Hi everyone!
I'm trying to analysis two single cell sample (same tissue and 1 from case, 1 from control) with the seurat tutorial.
And I got confused about some QC steps:
Why do we need to 'remove cells with less than 5% ribosomal reads' ?
Should I run 'Predict doublets' before merging these two datasets? And can I do this step after merging and filtering mito/ribo genes steps?

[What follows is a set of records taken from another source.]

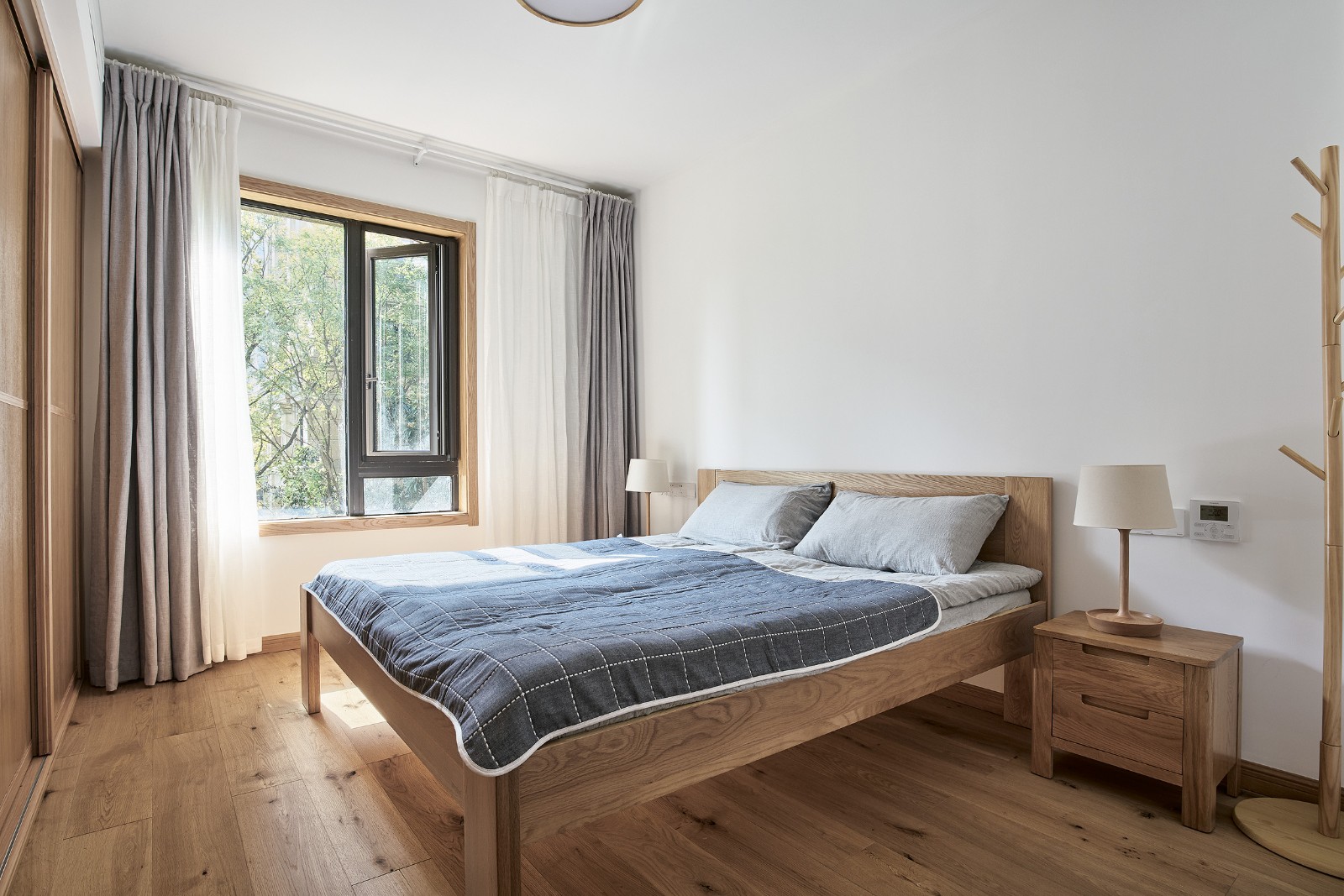 自然安寧的臥室,營造理想的睡眠環境。整面的儲物柜保證房間的干凈整潔。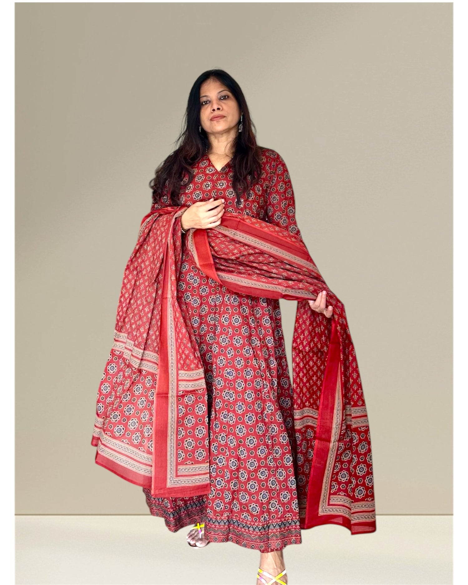 Red Cotton Anarkali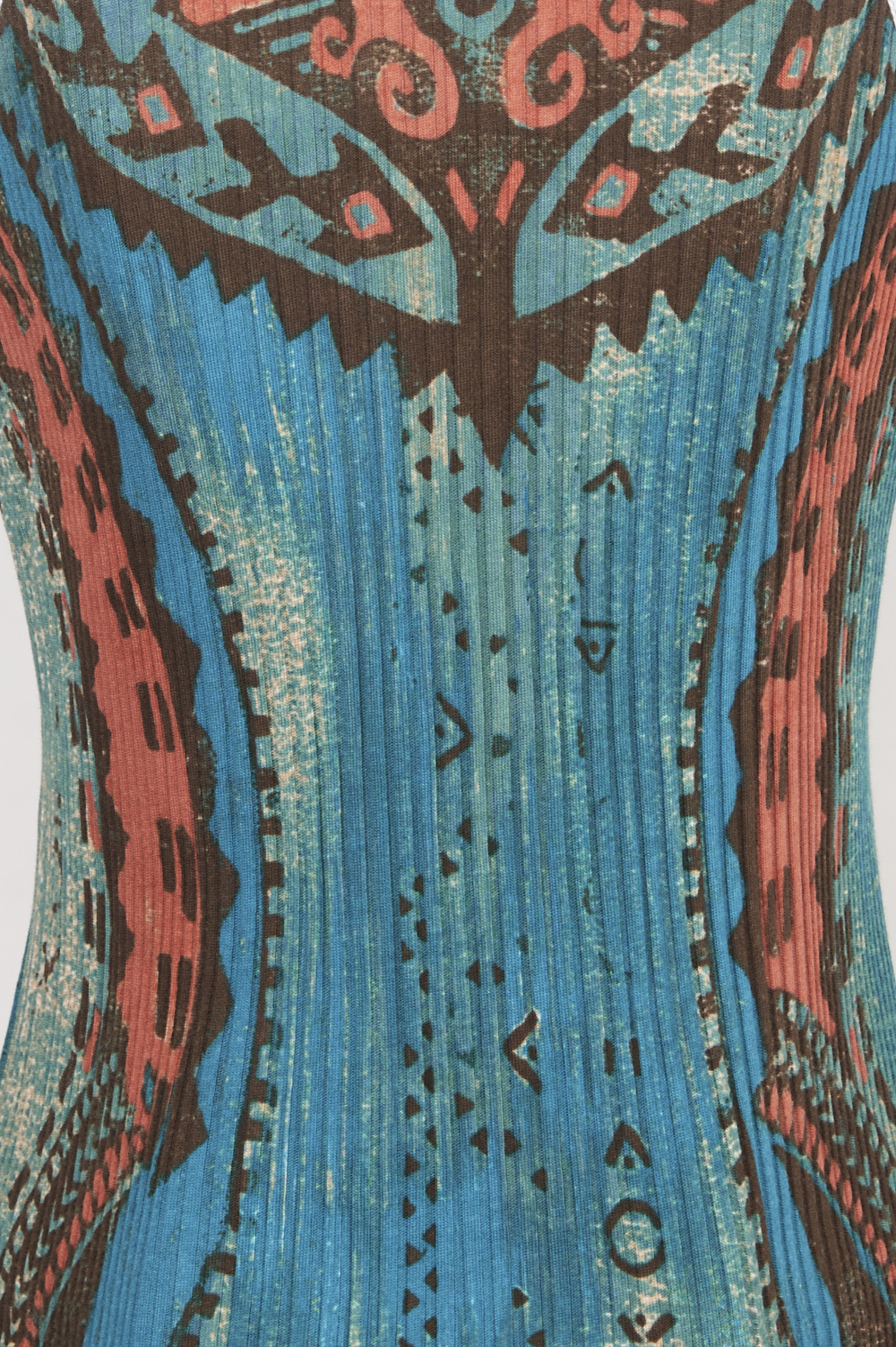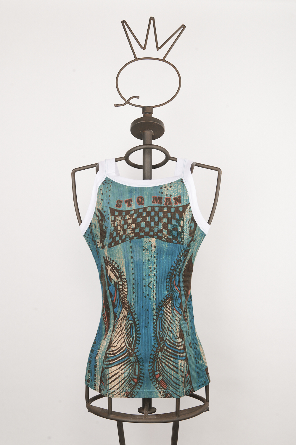 Canotta da uomo realizzata in cotone a costine, pensata per garantire comfort e libertà di movimento. Il capo è caratterizzato da una stampa esclusiva della linea Save the Queen Man declinata nelle tonalità blu pavone, coccio e marrone, che dona profondità cromatica e personalità al design. Il girocollo e il giro manica sono rifiniti con bordo in costina bianca, che evidenzia la costruzione del capo con un contrasto pulito e deciso.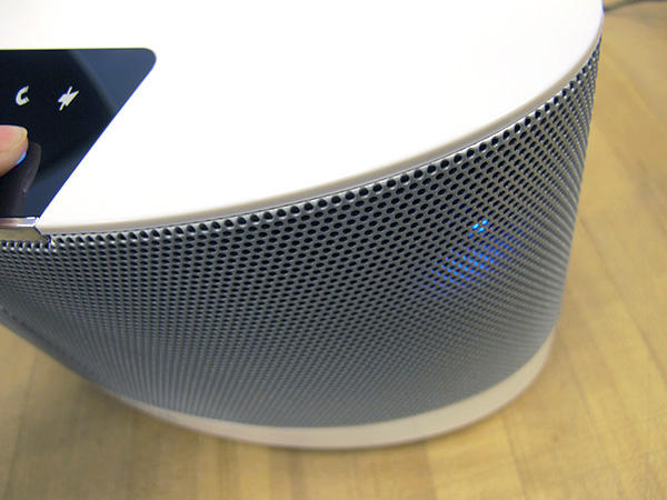 當關機狀態時,電源鈕會發出紅光,輕輕點下,預設的藍牙與音量大小鍵會立刻發出藍光,用光線區分該功能是否正在作用。其中的「AUX」鈕即是當連接電腦等當作外接式電源時便會發出藍光,右邊一點的電話圖示非常厲害,如果你把音響連接上手機,不只可以當作揚聲器,甚至可以對著音響通電話啊!內建麥克風的設計就算你正播放手機裡的音樂時有來電,也會立刻切換,當通話結束時,音樂會立刻恢復播放,真是太貼心了。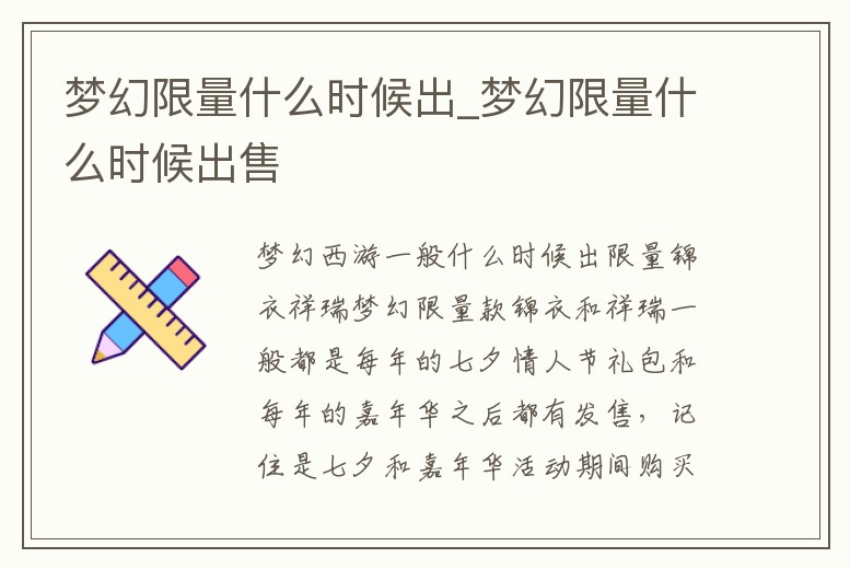 夢幻西游一般什么時候出限量錦衣祥瑞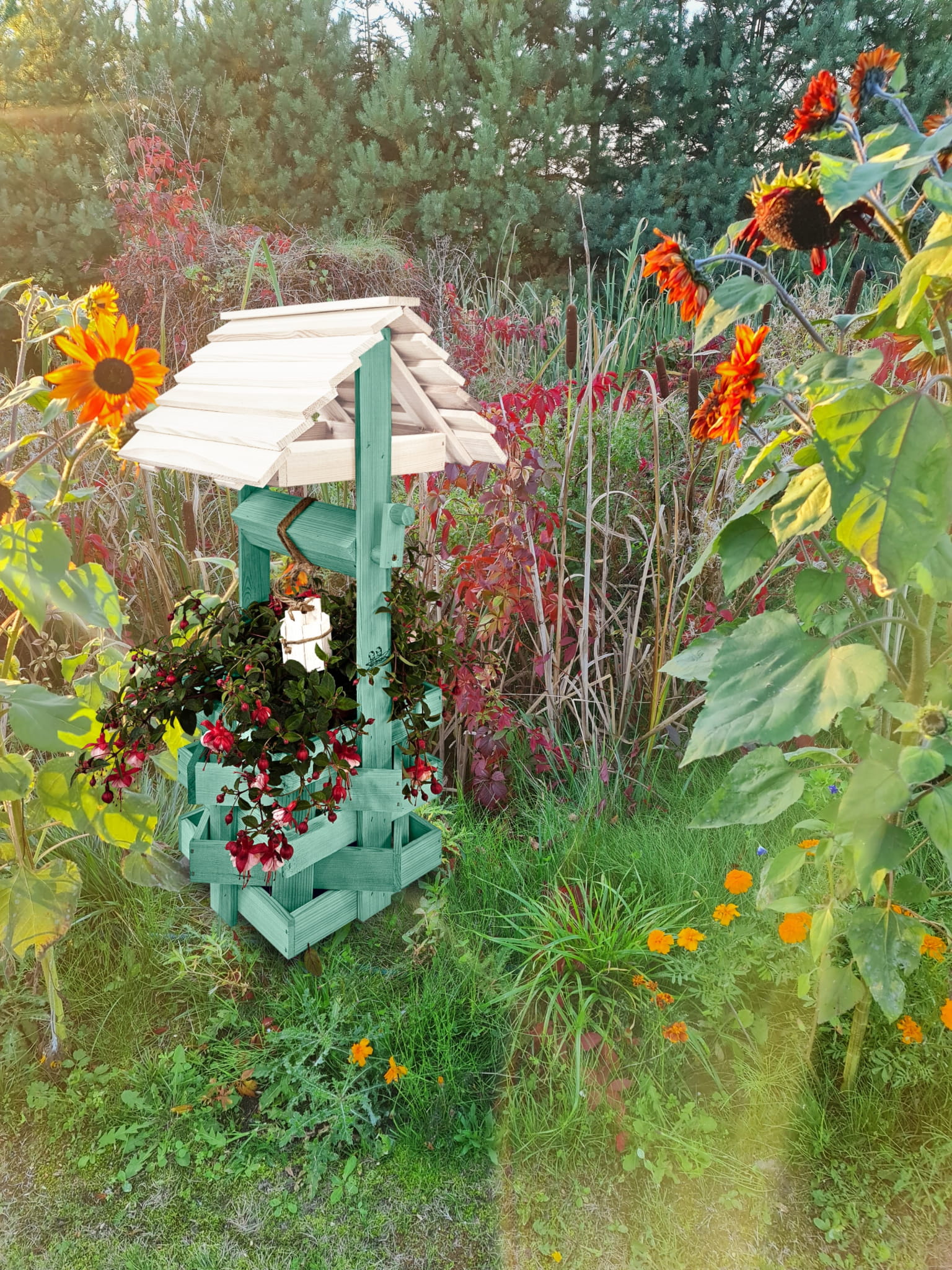 - Studnia została wzbogacona o drewnianą donicę, w której można dodatkowo storzyć miniogródek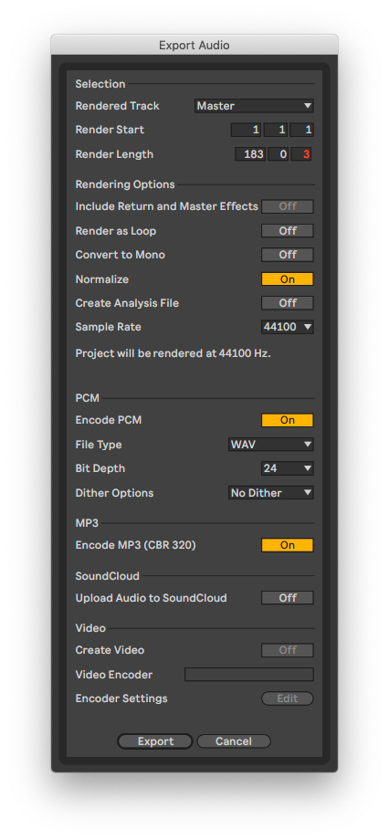 Finally, when you export your mix (or any audio) Live will encode a constant-bit-rate 320 MP3 file along with your WAV/AIFF file, for easy uploading and sharing with clients or bandmates. For years I had a Hazel task setup specifically for this, but now it's great to have that built-in.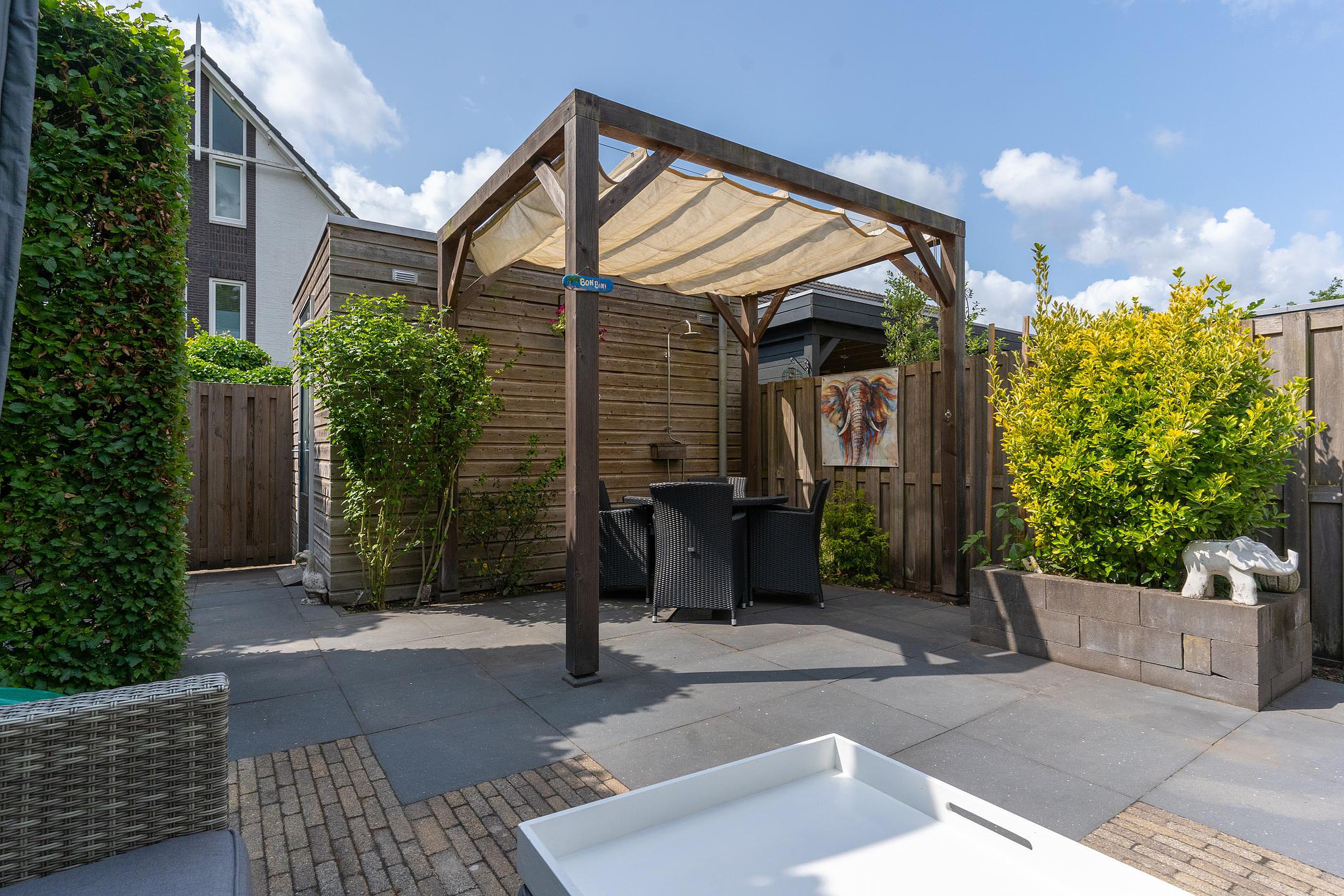 Deze heerlijke tuin is gelegen op het zuiden en heeft een afmeting van ongeveer 9 x 5,5 meter. De tuin is voorzien van een achterom, een ruime berging, een pergola met schaduwdoek en een buitendouche.
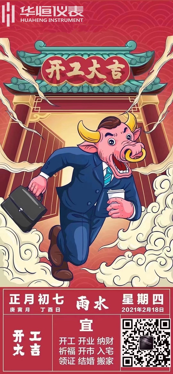 煙花炮竹喜慶吉祥,歡聲笑語團圓喜悅。2021年2月18日(正月初七)西安華恒儀表制造有限公司(以下簡稱:華恒儀表)新年第一天開工大吉,在這個吉祥的日子里,華恒儀表全體員工恭祝大家在新的一年里百事順遂、萬事如意、大吉大利、財源廣進!衷心感謝廣大客戶及合作伙伴一直以來對華恒儀表的關(guān)注與支持。
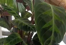绒叶肖竹芋 Lindl.)是竹芋科,肖竹芋属多年生中等大草本植物,株高可达1米。叶片长圆状披针形,不等侧,叶面深绿,有黄绿色的条纹,天鹅绒般,叶背幼时浅灰绿色,老时淡紫红色,头状花序,花冠紫堇色或白色,…全部>>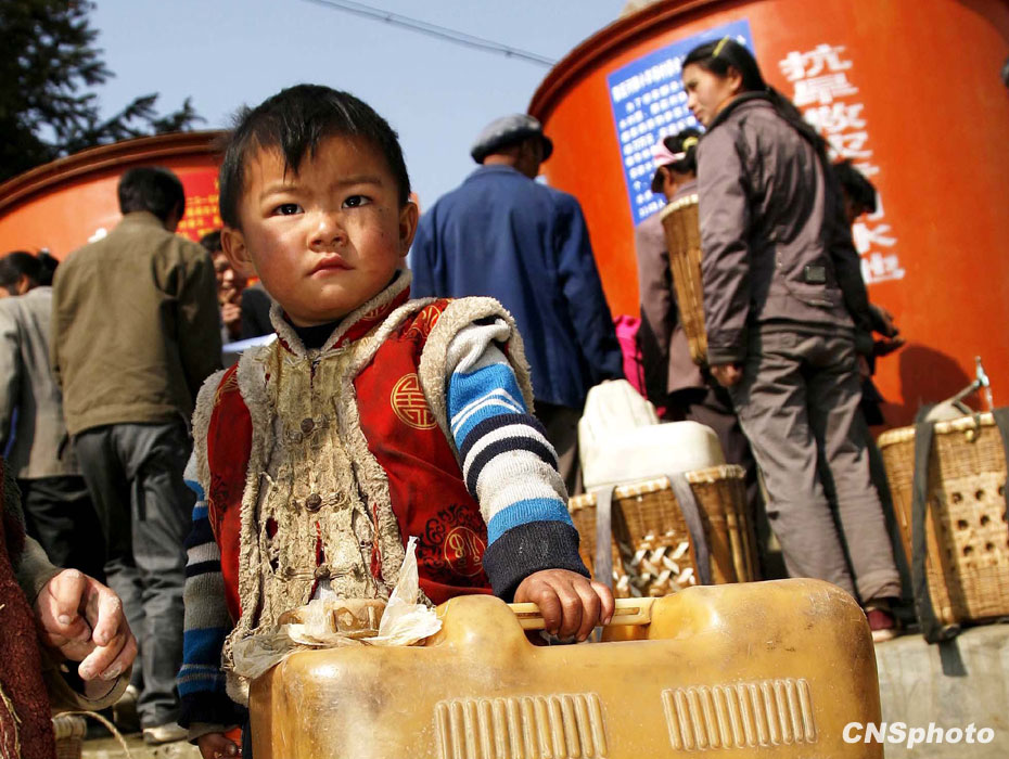 3月12日,在云南省富源縣小羊場村口等待取水的兒童。中新社發(fā) 劉冉陽 攝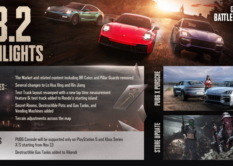 AMSTERDAM, Hollanda –04.11.2025 – KRAFTON, Inc. bugün itibarıyla yepyeni bir Porsche iş birliği, önemli Rondo güncellemeleri ve PlayStation 5 ve Xbox Series X|S yeni nesil konsol desteğini içeren PUBG: BATTLEGROUNDS 38.2 Güncellemesinin yayınlandığını duyurdu.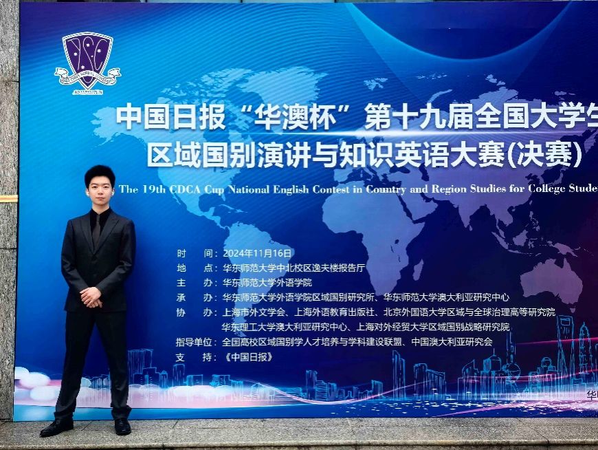 2024年11月16日,由华东师范大学外语学院主办,华东师范大学外语学院区域国别研究所、华东师范大学澳大利亚研究中心承办,上海市外文学会、上海外语教育出版社等单位协办的《中国日报》“华澳杯”第十九届全国大学生区域国别演讲与知识大赛圆满落幕。经过激烈的比赛竞争,米兰milan官方网站2023级翻译(外交外事高级翻译)专业本科生黄启恒最终夺得亚军,荣获特等奖。黄启恒指导教师为周杜娟老师。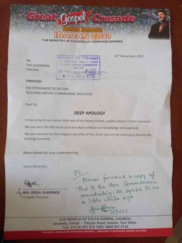 Meanwhile, the content of the letter has shown that the crusade organisers regret the error.

Wondering if I need to remove batch effects with harmony(or other methods) before doing cell type prediction/differential expression analysis? (I thought batch effects should be removed if I have biological replicates, like between control_1 and control2 ? )
Thank you!
1.) to be clear, since this isn't well defined in the Seurat tutorial that you linked, the ribosomal content that that tutorial is referring to is ribosomal protein mRNA, not rRNA. Ribosomal protein transcripts should be sequenced and should be relatively abundant and thus a may serve as a sanity check on how well a cell's transcriptome was captured, but the argument for filtering cells bases on these transcripts is less well defined in my opinion as it is for filtering on mitochondrial transcripts.
2.) I think it makes the most sense to predict doublets before integration, especially with tools that create artificial doublets by combing two cells in your data set as a part of the prediction algorithm. You want the artificial doublets to most accurately reflect real possible doublets in your samples and that is most feasible at the single sample level.